Learnable Angle Matrices (ComRoPE) are trainable skew-symmetric matrices that generalize rotary positional encodings to ensure robust relative positioning.
They employ axial-partition and linearly dependent parameterizations to guarantee commutativity, supporting both one- and multi-dimensional inputs.
ComRoPE leverages efficient block-structured Givens rotations and round-robin scheduling for scalable transformer implementations on high-resolution tasks.

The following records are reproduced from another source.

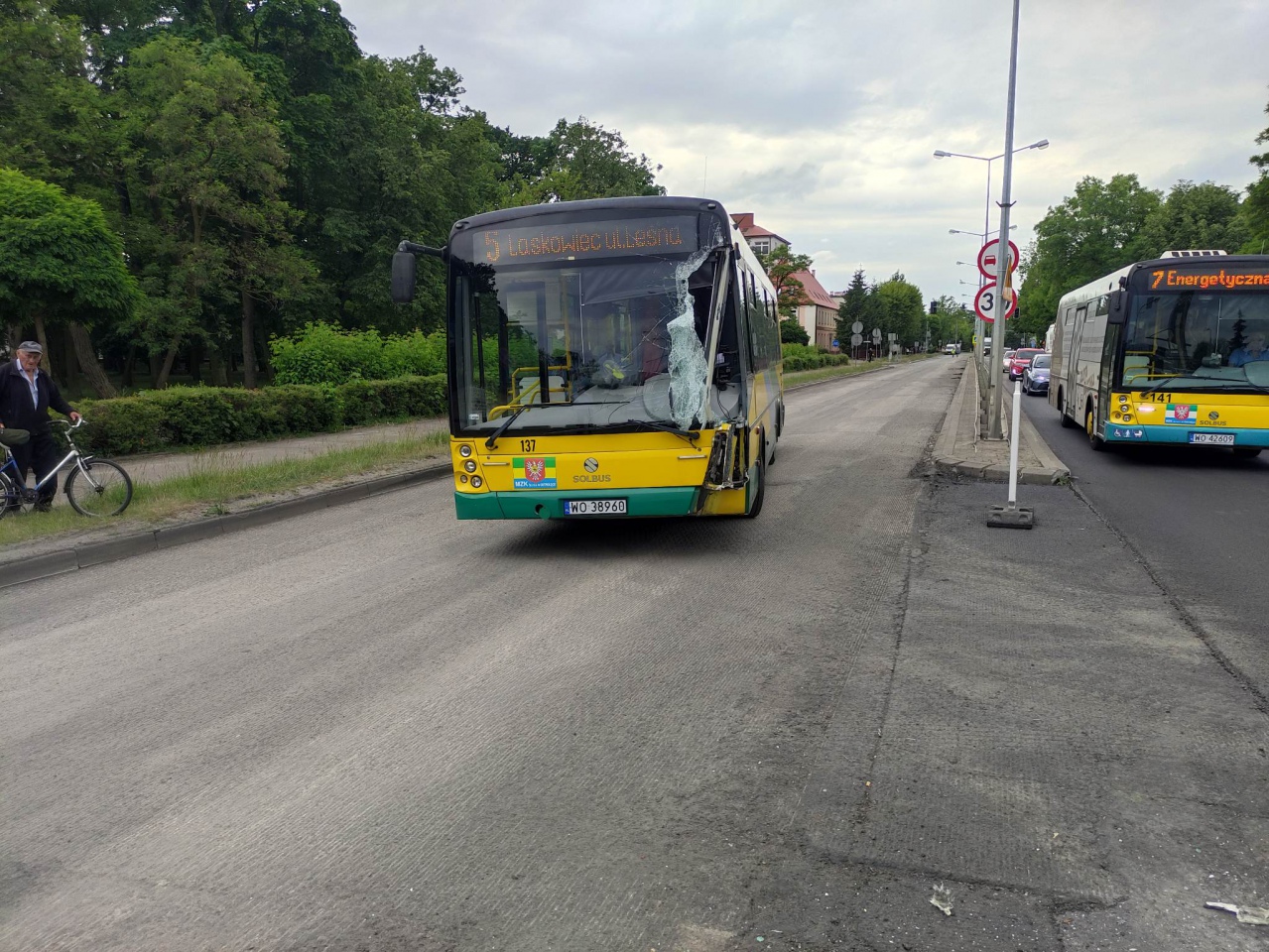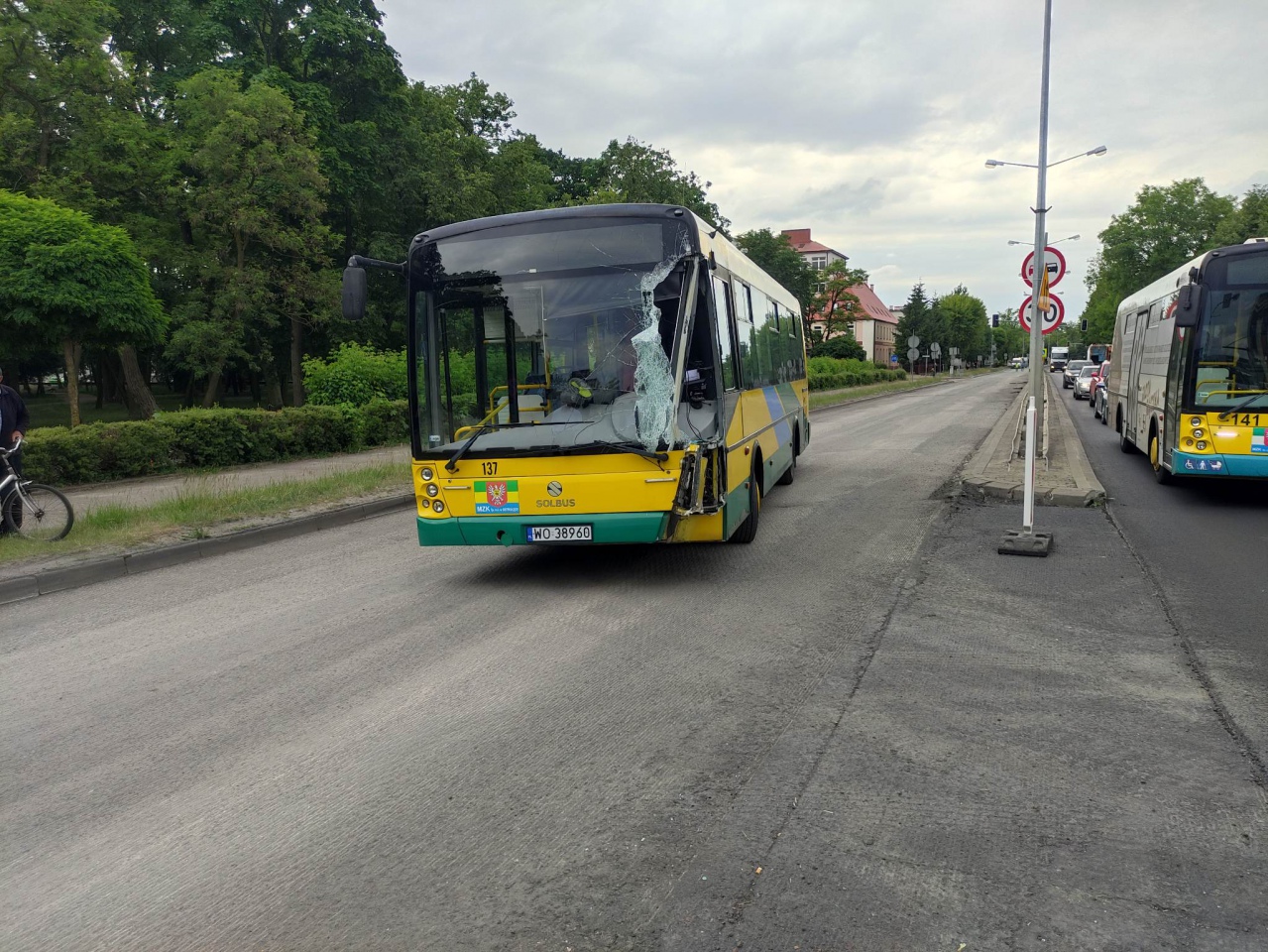 Autobus MZK jadący z pasażerami poruszał się ulicą Traugutta. Według wstępnych ustaleń, kierowca autobusu wjechał na pas, którym nie powinien się poruszać i zderzył się z ciężarówką. Na szczęście, nikomu z pasażerów nic się nie stało, choć autobus został poważnie uszkodzony.
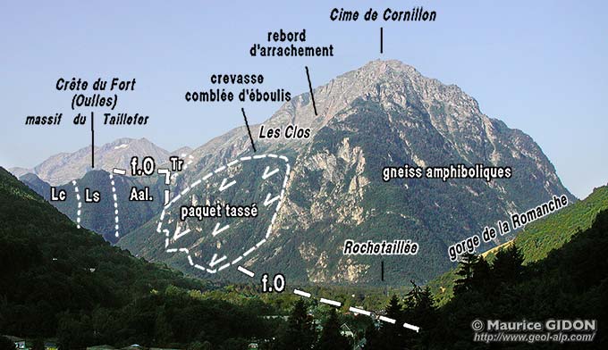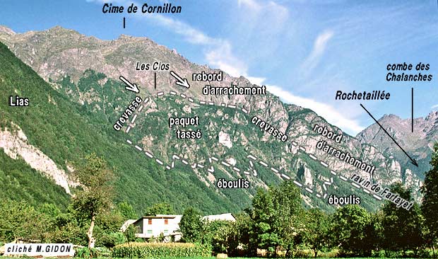 Cela vient de ce que le tracé de la faille, qui devait s'élever dans ce versant, en diagonale vers le sud en direction du village d'Oulles, est masqué par l'important et spectaculaire amas d'énormes panneaux de matériel cristallin des Rochers des Clos . Il s'agit d'un énorme paquet tassé* dont certains éléments sont découpés en clochetons car ils ont été disjoints lors de leur glissement. Le replat des Clos lui-même (au pied de la cime de Cornillon) et la combe de Farfayet représentent la crevasse, en grande partie colmatée d'éboulis, selon laquelle ce paquet rocheux s'est détaché.
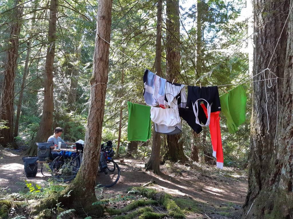 Suite à deux nuits de toilettes sèches, de bain dans le lac ou à la mitaine, j’ai hâte à ce soir pour prendre une douche chaude. Après cinq jours à rouler, demain c’est jour de repos pour moi. Samuel planifie faire le tour du lac Cowichan à vélo. Damn. Ça passe vite!
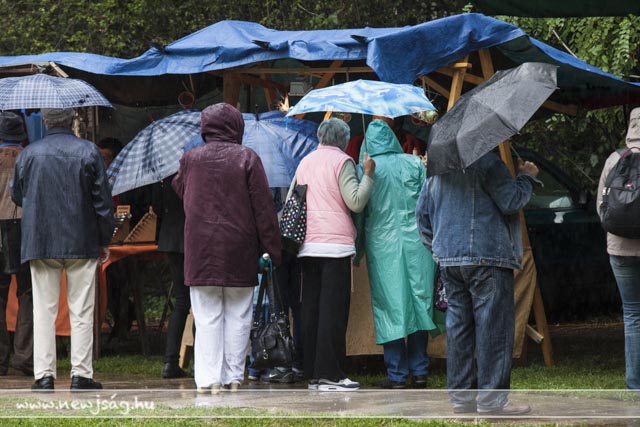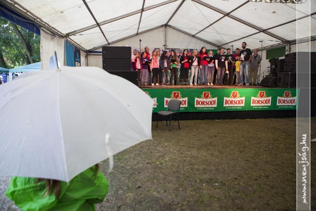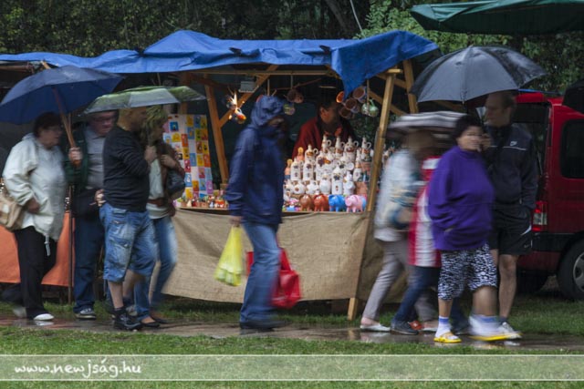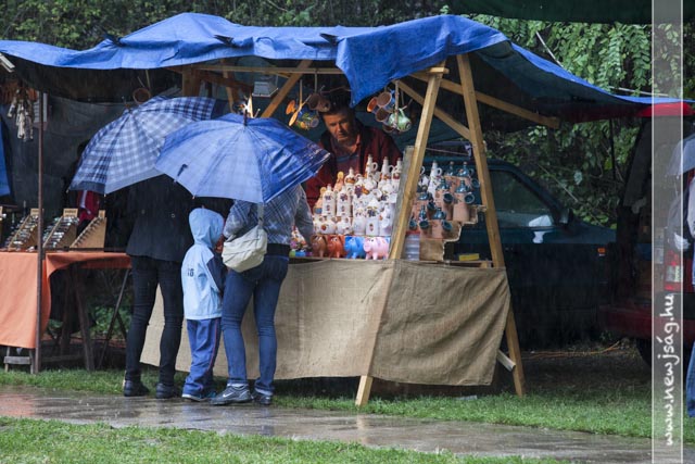 Ahogy azt a Kormányhivatal kihelyezett ügyfélkapujának a sátrából megállapíthattuk, a szarvasi gyerekek vízállók. A szülők és a felnőttek a ponyvák a biztonságából figyelték, amint a kicsik dacolva a -helyenként szakadó- esővel, élvezik a Kenderkóc Népi Játszóház játékait, miközben talán arra gondoltak, hogy gyerekkorukban ők sem voltak cukorból. Azóta eltelt 20-30-40 év, és a vízálló réteg lekopott, maradt az eresz alja.
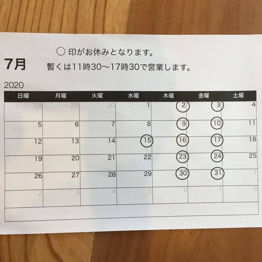 投稿日: 2020年7月5日2020年8月1日 投稿者: Chikako7月の定休日 まだ不安定な状況の東京風が抜ける店内、お客様の入店時の消毒や手洗の習慣などによりお陰さまで無事に6月を終えました。応援のお言葉を下さる方、ご来店の皆さまありがとうございます。引き続き11時30~17時30営業です。こちらの都合で連休を頂きます。よろしくお願いいたします。
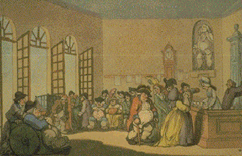 While in Bath in 1792, the artist Thomas Rowlandson (who also made cartoons on London society) painted a series of twelve watercolours published as aquatints, which give a satirical view of various episodes in the life of a visitor “taking the waters”. A gouty character appears in many of the scenes,with his young wife courted by an officer.
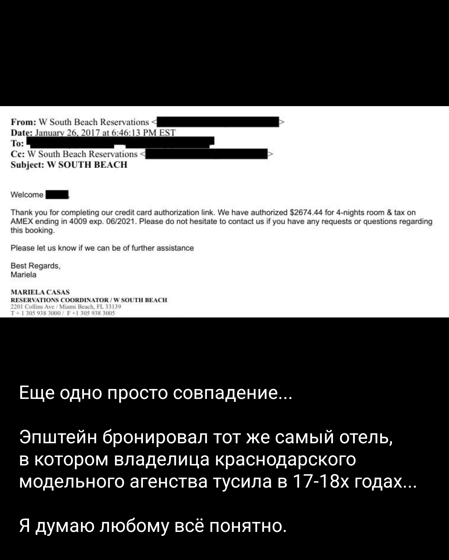 >>953515 Рос.гос.сми озвучивают точку зрения госпожи Борисенко, владелицы Шторм моделс. Мол она ни при чём. При этом ''наши'' сми не объясняют почему название её агентства моделей было найдено в файлах Эпштейна. Думайте.
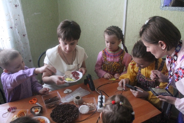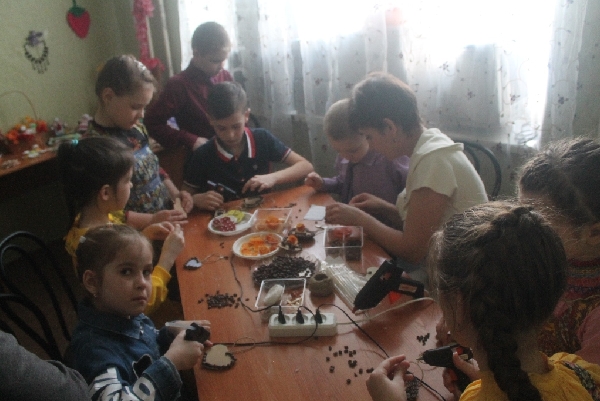 Для детей было организовано путешествие в мастерскую «Кофейный аромат». Для них прошел мастер-класс по изготовлению сувениров из зерен кофе с добавлением украшений из природных материалов. Приготовленный своими руками подарок ребята смогли вручить своим мамам и бабушкам.
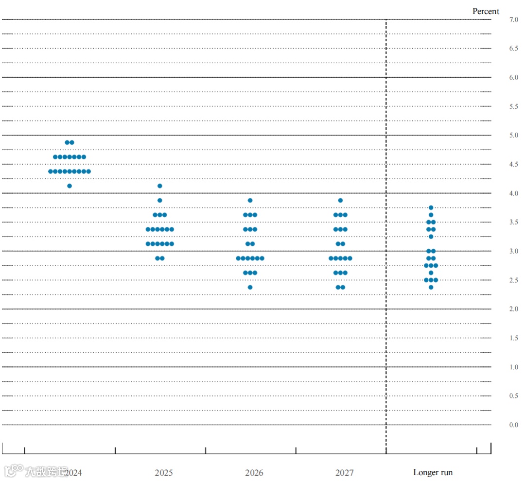 联邦公开市场委员会参与者对适当货币政策的评估聚焦于联邦基金利率目标区间或目标水平的中点。此次降息一经落地,美联储便同步对未来联邦基金利率水平予以下调。就 2025 年的联邦基金利率而言,其利率中值预测从 6 月的 4.1%下降至 3.4%。对于 2026 年的联邦基金利率,利率中值由 6 月的 3.1%降至 2.9%。而长期中性利率的预期值则从 6 月的 2.8%上升至 2.9%。值得一提的是,点阵图的预测仅仅代表着美联储官员当前的预测情况,其往往与真实的利率政策路径存在差异。
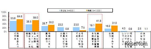 ニキビだできた時、どのように対応しましたか/子どもにニキビができた時、どのように対応していますか
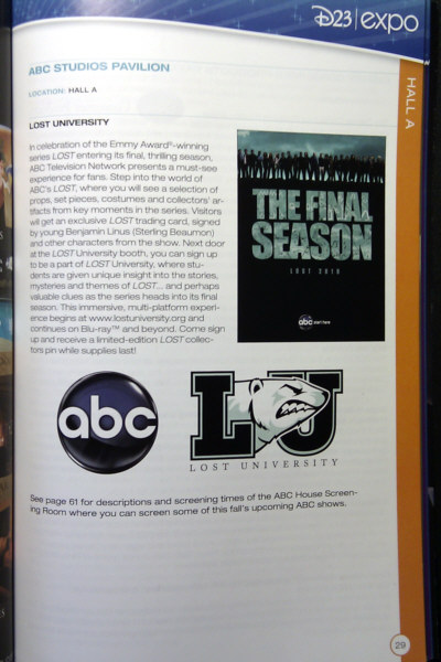 The official Disney D23 Expo 2009 Guide Book. 74 pages, size is 6 x 9 inch. Page 29 describes what attendants will await at ABC Studios' LOST pavilion.
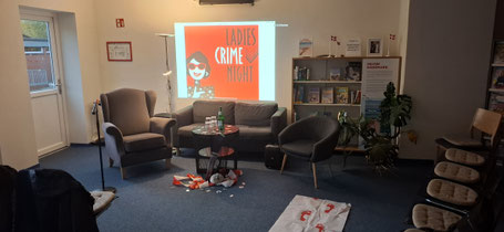 Außer mir waren noch Organisatorin Carolyn Srugies sowie Anja Marschall und Anja Gust mit von der Partie. Jede von uns hatten zweimal die Gelegenheit, jeweils 8 Minuten lang ihre kriminellen Geschichten vorzustellen. Anja Marschall und Carolyn Srugies haben zusammen gelesen, denn die beiden haben einen gemeinsamen Krimi geschrieben: "Der Weihnachtsmannmord", der nicht nur spannend, sondern auch humorvoll ist, so dass während des Vortrags die rund 40 Gäste mehrfach schmunzeln mussten.
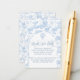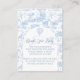 Featuring a charming blue toile design with cute safari animals like lions, giraffes, and elephants, this invitation brings together the perfect balance of playful elegance and sweet adventure.
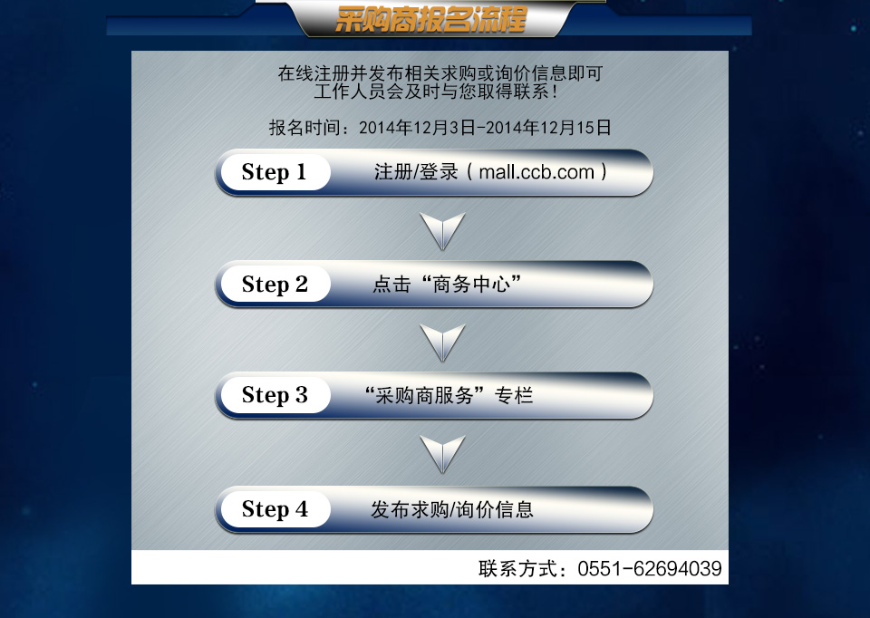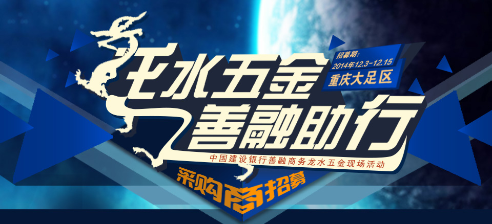 欢迎广大商户在线注册或登录善融商务企业商城(http://mall.ccb.com/),发布相关五金的求购或询价信息,有机会获得善融商务企业商城“龙水五金,善融助行”现场活动参与名额,届时建行重庆市分行将会对当天交易达标的采购商提供折扣补贴。活动报名时间:12月3日-12月15日。

Learnable Angle Matrices, or Commuting Rounds of Parallelized Elementary rotations (ComRoPE), generalize rotary positional encodings (RoPE) by parameterizing position-dependent rotations using trainable angle (skew-symmetric) matrices with strict commutativity requirements. ComRoPE is designed to address the limitations of fixed rotary mechanisms in transformer architectures, guaranteeing robustness to position offsets, scalability to high-resolution domains, and adaptability across one- and multi-dimensional structured inputs. The theoretical foundation relies on the algebra of commuting skew-symmetric generators that define families of orthogonal transformations satisfying essential properties of relative positional encoding, and supports efficient implementation via block-structured Givens rotations or round-robin decompositions. Empirical results demonstrate ComRoPE's superiority on tasks including large-scale image classification and object detection, with strict gains in both in-distribution and out-of-distribution settings (Yu et al., 4 Jun 2025).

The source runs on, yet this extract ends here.